Socialize:



MAC SABBATH

The Middle East Downstairs
Cambridge, Mass.
March 22, 2016
Opening:
White Dynomite, The Humanoids

Setlist:
More Ribs
Chicken for the Slaves
Brand of Doom
N.I.B.B.L.E.
Sweet Beef
Zipper Up the Uniform
Lord of the Swirl
Organic Funeral
Frying Pan
Cherries are Fruits

Encore:
Pair-A-Buns


Mac Sabbath's demented metal vision comes to Cambridge

By NICK TAVARES
STATIC and FEEDBACK Editor


Flashing lights, heavy droning, amps buzzing. The club is dark and heavy. After the first song, in a distorted voice, the singer tells the crowd:

“We are Mac Sabbath, the four fathers of drive-thru metal.”

From there, four twisted creatures from the advertising department of McDonald’s launch into another riff from the Black Sabbath cannon. And my friends and I are in hysterics and howling.

It’s surreal. The sirens are blaring as the red and yellow banner falls in Cambridge’s Middle East club, and there’s a demonic Ronald Osborne in a straight jacket stalking the stage flanked by Slayer McCheeze and GrimAlice (topped off with an undersized Lemmy hat). Then they launch into “More Ribs,” a note-perfect reading of Black Sabbath’s “War Pigs” but of course twisted into a demented take on the McRib.

No amount of words can truly do justice to how ridiculous the Mac Sabbath experience is. Ronald motions with his frying pan and Chicken McNuggets and squirts ketchup and mustard bottles into the crowd, and all his gestures are so perfectly Ozzy, down to the clapping and a demonic “HA HA HA” that punctuates every other sentence. Towards the end of the night, he pulled a rubber bat out of his frying pan before lurching into “Cherries are Fruits,” an ode to McDonald’s long-deceased cherry pie twisted out of Sabbath’s “Fairies Wear Boots.”

And the way these two sets of tropes intermingled was brilliant.

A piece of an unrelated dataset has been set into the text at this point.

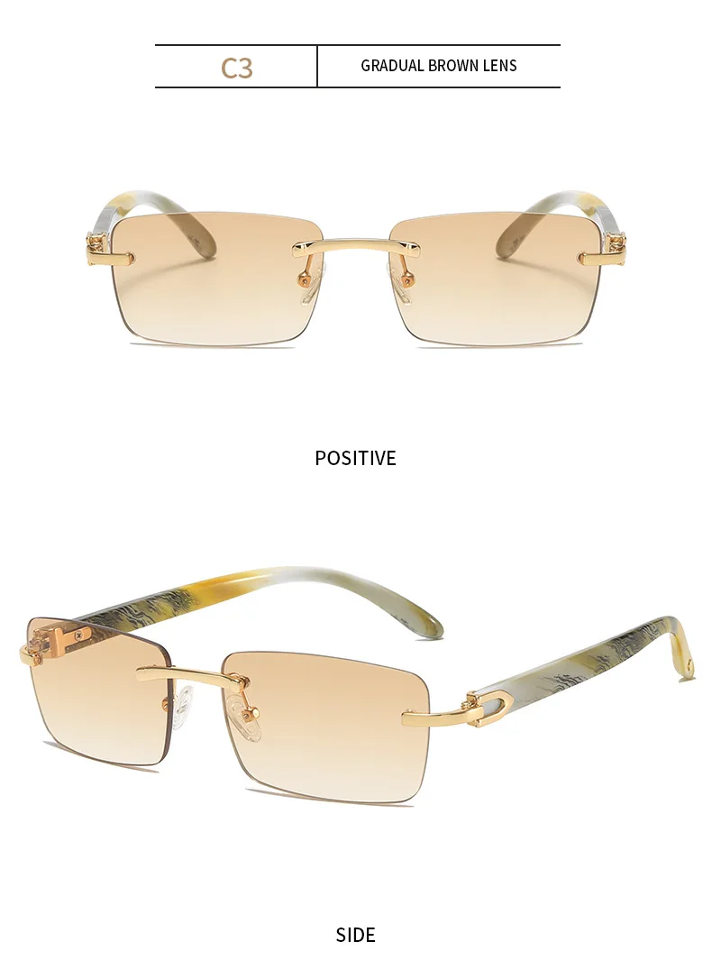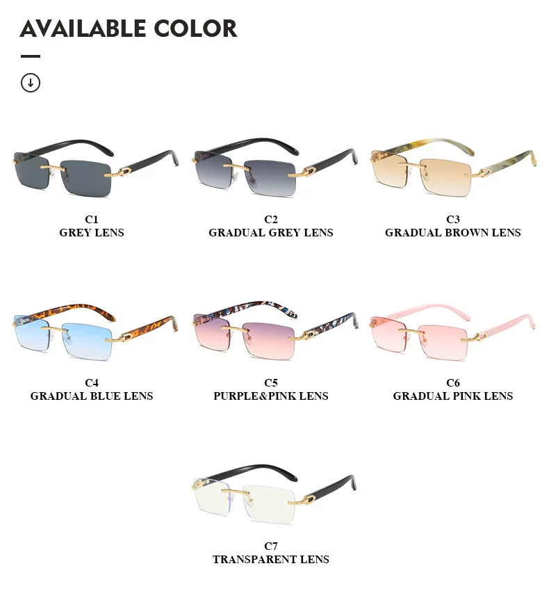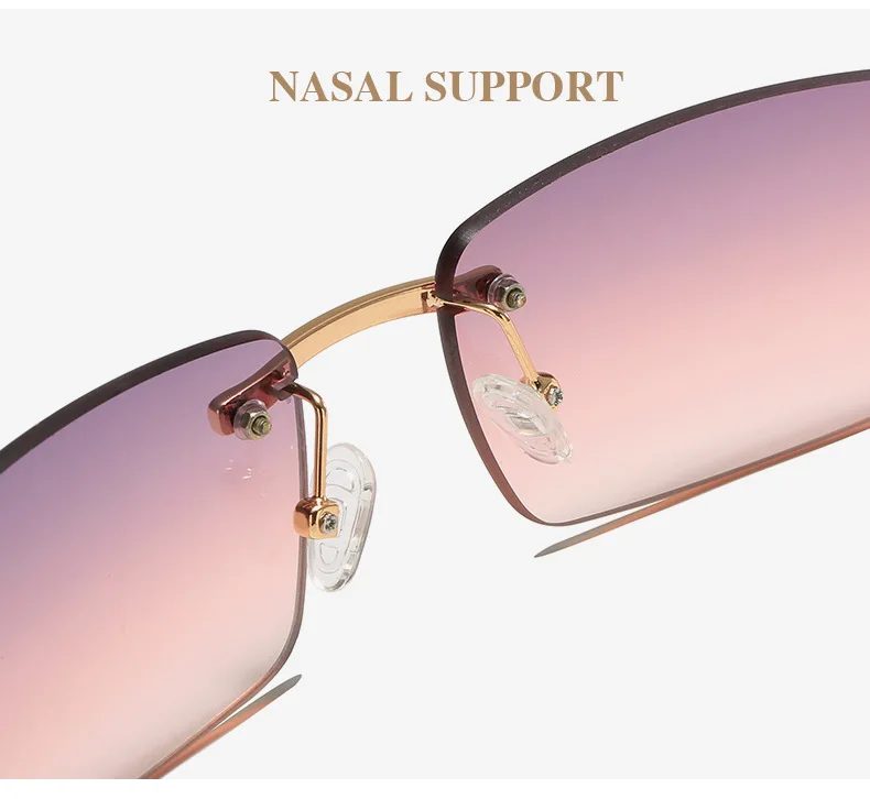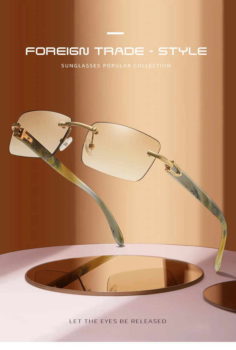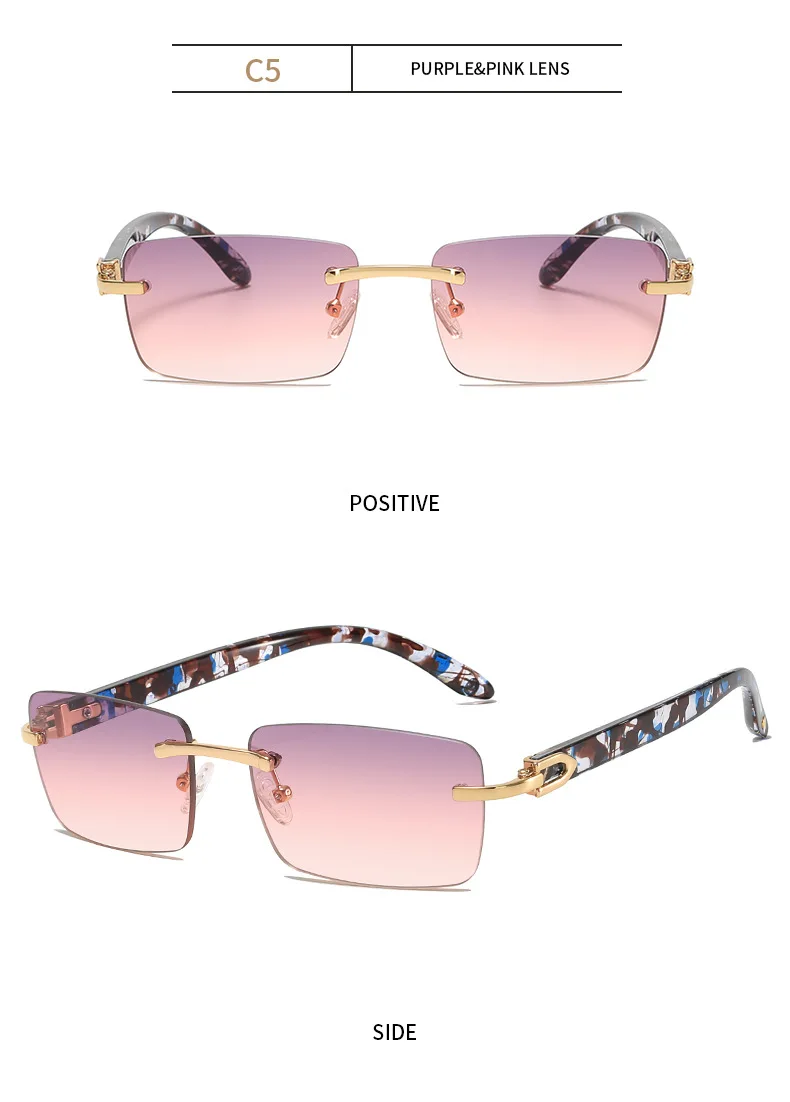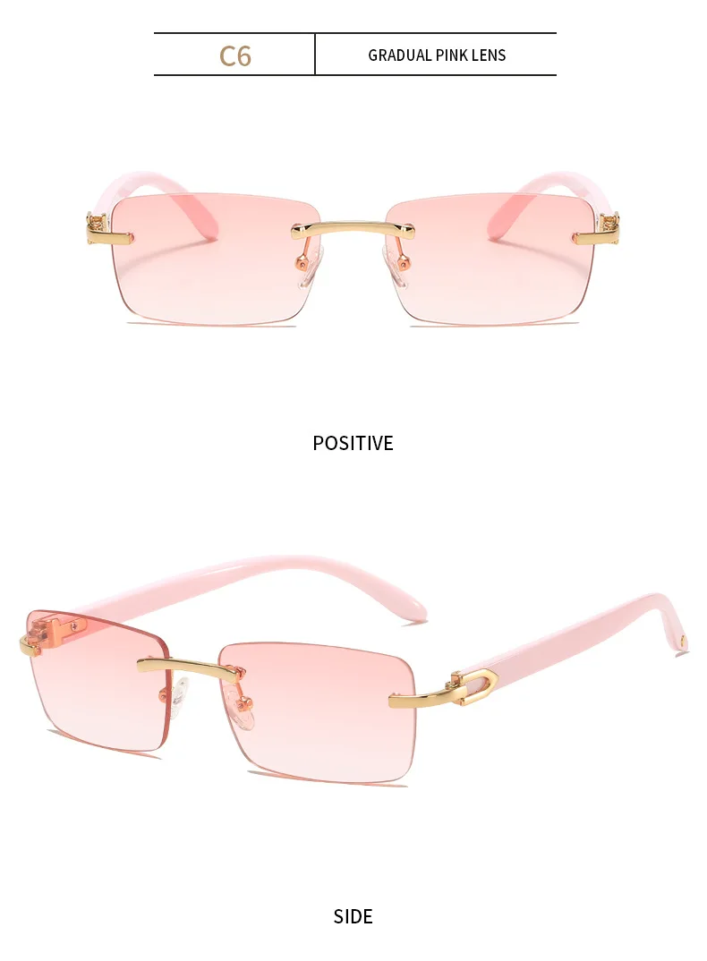2024 New square rimless sunglasses Fashion cut edge men's glasses Jelly coloured women's sunglasses Fashion clothing Street beat

Three or four songs came crashing to a close with drawn-out, metalized versions of the “I’m Lovin’ It” jingle, and it was all delivered at a deafening level, Ronald cackling while the guitars drone amid Ronald McDonald’s plastic, severed head, spiked on each side of the stage, smiles out onto the crowd.

It’s not as if Black Sabbath is the most ridiculous metal band in the world and ripe to be parodied, but because the music is so revered, so heavy, so doom-laden, turning it into this ridiculous spectacle based on the most disposable of all our cemented social institutions makes it hilarious from top to bottom. Where Grimace was Ronald McDonald’s dopey friend bouncing along with the Fry Guys, now he’s the demented GrimAlice with a receding hairline ripping off the solo that kickstarts “N.I.B.B.L.E.”

That introduction was note-perfect and true to the enormous sound of the source material. As a band, they nail the Sabbath sound. It’s tight and heavy and pulsates through the room. Turn your back and block out the lyrics on Happy Meals and rancid beef and they’d be one of the better cover bands around. It’s that devotion to the music that, paired with the unflinching bit on tearing apart beloved fast food commercials, makes the entire show unbelievable.

And they miss nothing. Ronald pretends to vomit into a bucket only to throw its actual contents — confetti — into the crowd. They lampoon every other band that’s apparently their competition, thanking the crowd for not seeing Cinnabon Jovi and Dairy Queensryche. This entire exercised was capped off when two giant inflatable hamburgers came bouncing on top of the crowd, and a legitimate mosh pit formed for the closing “Pair-a-buns” — Ronald declared this more Mac Flag than Mac Sabbath, but still just as ridiculous and just as stupidly fun. When he started crowdsurfing and I saw he was wearing oversized clown shoes, I lost it. They hadn’t left a single aspect of this gag uncovered.

At the end of a long night, after stopping for pizza and stumbling home, we all crashed on the couch and watched dumb cartoons until the buzz started to wear off. We were exhausted by the spectacle and had no idea what to say, but we agreed that seeing Mac Sabbath in 2016 is probably a lot better and a lot more fun than seeing Black Sabbath in 2016.